Top of Records for this task

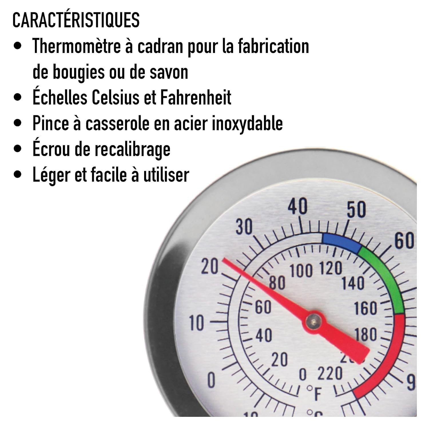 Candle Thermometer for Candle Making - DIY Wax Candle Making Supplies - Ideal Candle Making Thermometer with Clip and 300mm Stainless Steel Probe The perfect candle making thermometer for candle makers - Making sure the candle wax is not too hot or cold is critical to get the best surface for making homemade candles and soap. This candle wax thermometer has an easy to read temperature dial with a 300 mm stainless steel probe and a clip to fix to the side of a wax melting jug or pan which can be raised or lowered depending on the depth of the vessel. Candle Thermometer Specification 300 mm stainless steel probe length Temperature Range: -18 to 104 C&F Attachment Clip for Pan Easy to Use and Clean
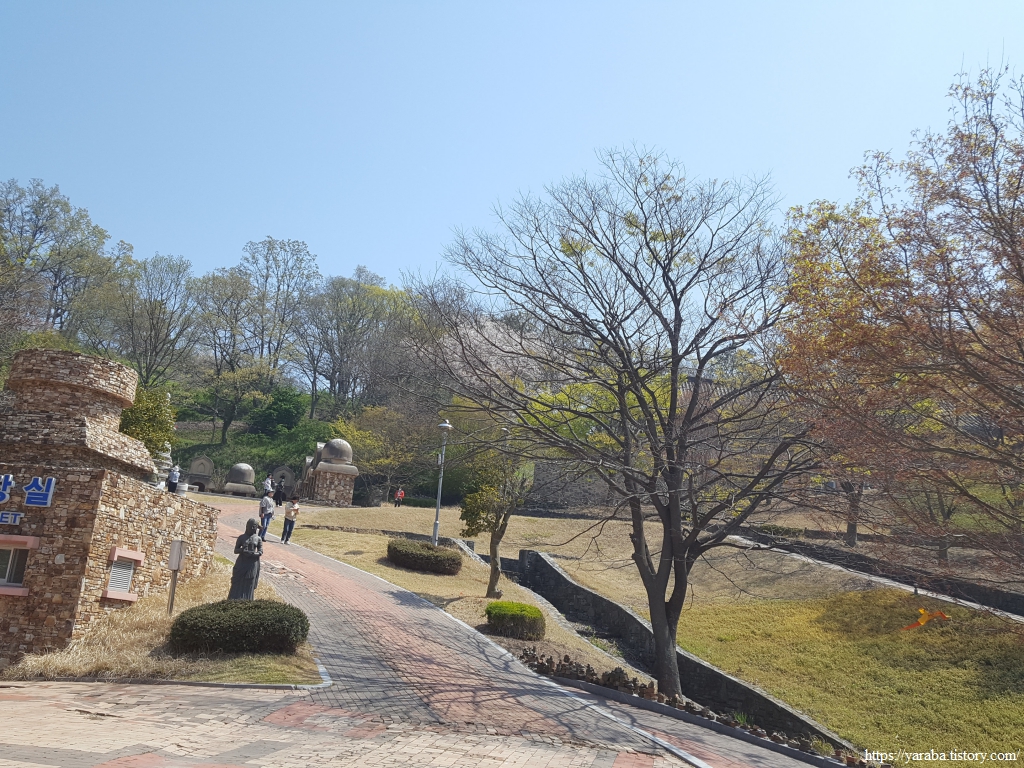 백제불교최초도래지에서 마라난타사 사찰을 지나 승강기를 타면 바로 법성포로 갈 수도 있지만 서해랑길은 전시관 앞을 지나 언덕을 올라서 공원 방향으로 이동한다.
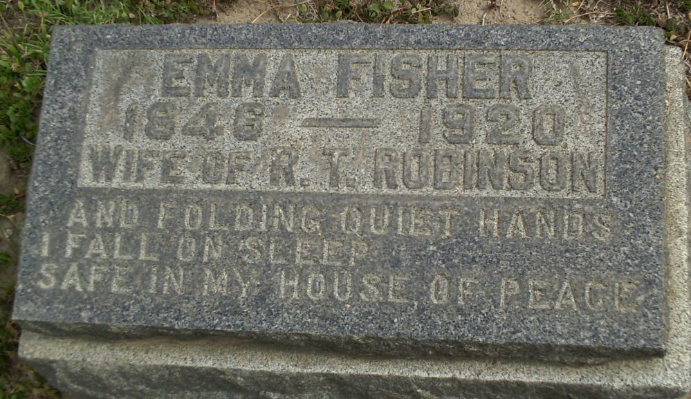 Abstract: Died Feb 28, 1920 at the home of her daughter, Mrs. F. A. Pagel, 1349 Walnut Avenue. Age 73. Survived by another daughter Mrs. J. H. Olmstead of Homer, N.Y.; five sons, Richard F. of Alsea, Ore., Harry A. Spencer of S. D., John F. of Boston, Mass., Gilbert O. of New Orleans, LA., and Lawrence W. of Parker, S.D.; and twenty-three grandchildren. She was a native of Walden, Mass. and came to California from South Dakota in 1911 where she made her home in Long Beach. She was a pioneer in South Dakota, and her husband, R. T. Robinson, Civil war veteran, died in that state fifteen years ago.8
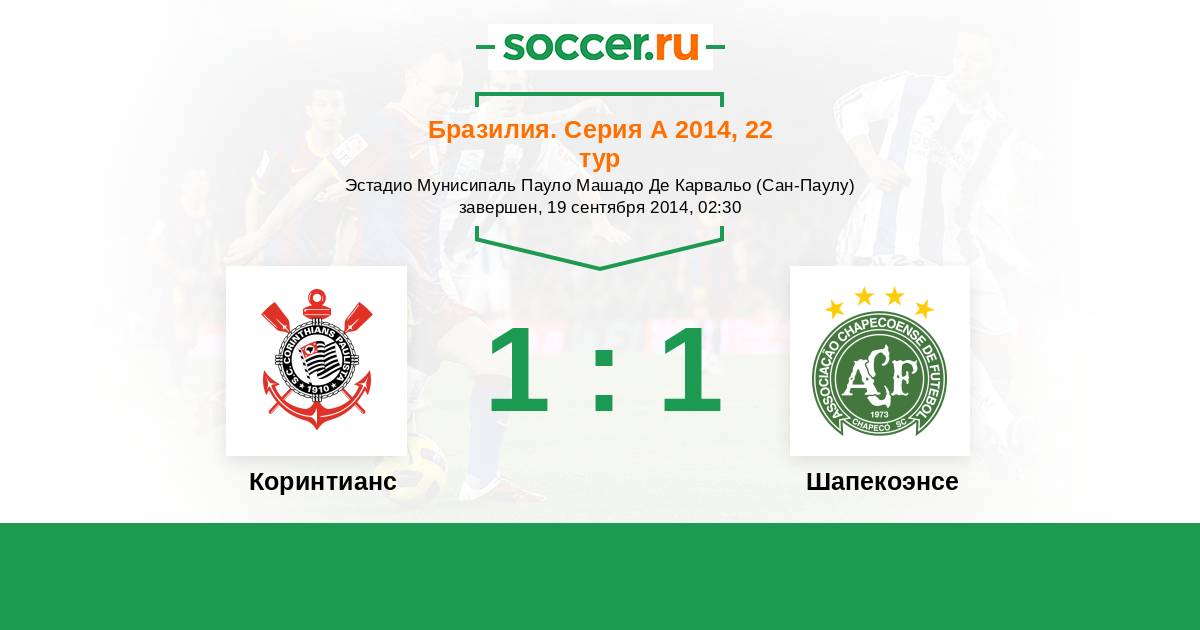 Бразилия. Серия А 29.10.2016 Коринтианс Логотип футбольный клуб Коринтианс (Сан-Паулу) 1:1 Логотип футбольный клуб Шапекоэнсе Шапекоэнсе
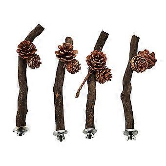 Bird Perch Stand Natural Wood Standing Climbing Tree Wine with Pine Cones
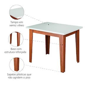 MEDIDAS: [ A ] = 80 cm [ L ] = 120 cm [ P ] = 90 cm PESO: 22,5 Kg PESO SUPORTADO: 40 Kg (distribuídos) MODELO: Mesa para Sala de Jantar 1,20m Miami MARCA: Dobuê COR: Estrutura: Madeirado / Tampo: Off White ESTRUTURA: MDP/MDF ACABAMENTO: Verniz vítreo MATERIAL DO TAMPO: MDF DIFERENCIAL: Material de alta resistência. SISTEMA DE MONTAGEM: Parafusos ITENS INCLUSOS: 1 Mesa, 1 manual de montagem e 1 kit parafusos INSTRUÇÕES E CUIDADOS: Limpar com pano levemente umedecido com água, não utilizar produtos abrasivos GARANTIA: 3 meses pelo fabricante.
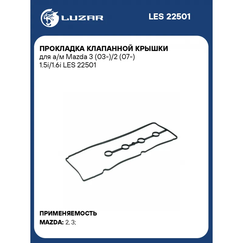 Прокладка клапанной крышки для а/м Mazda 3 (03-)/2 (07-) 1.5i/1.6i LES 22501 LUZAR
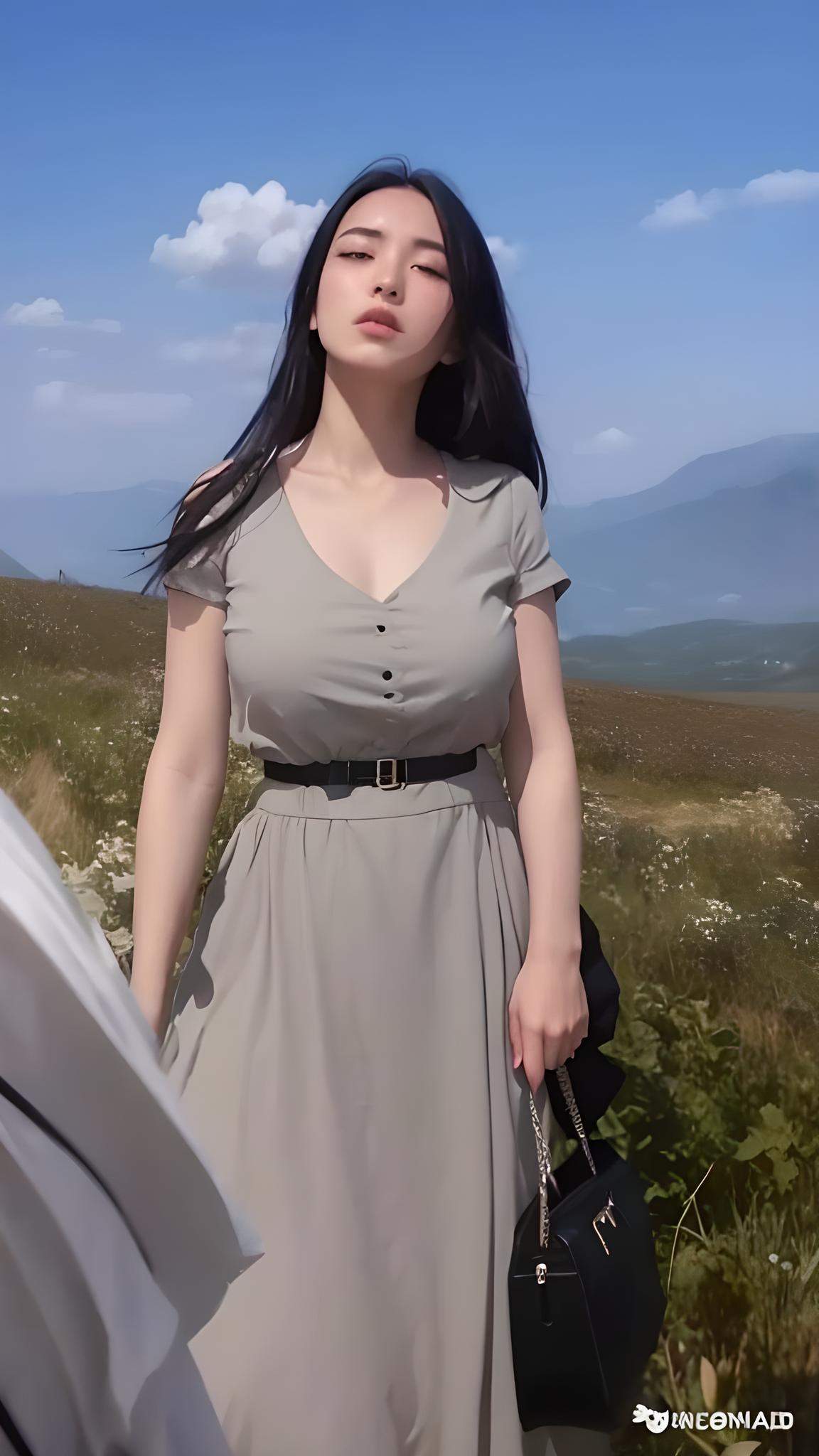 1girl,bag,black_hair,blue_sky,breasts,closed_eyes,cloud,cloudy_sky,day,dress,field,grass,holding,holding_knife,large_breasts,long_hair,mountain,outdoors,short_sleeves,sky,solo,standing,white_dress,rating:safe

Bottom of Records for this task

Find the line with "Прокладка клапанной крышки". Return it and each line after it through the end of the data, exactly, without pictures.

## Output for this task:
 Прокладка клапанной крышки для а/м Mazda 3 (03-)/2 (07-) 1.5i/1.6i LES 22501 LUZAR
 1girl,bag,black_hair,blue_sky,breasts,closed_eyes,cloud,cloudy_sky,day,dress,field,grass,holding,holding_knife,large_breasts,long_hair,mountain,outdoors,short_sleeves,sky,solo,standing,white_dress,rating:safe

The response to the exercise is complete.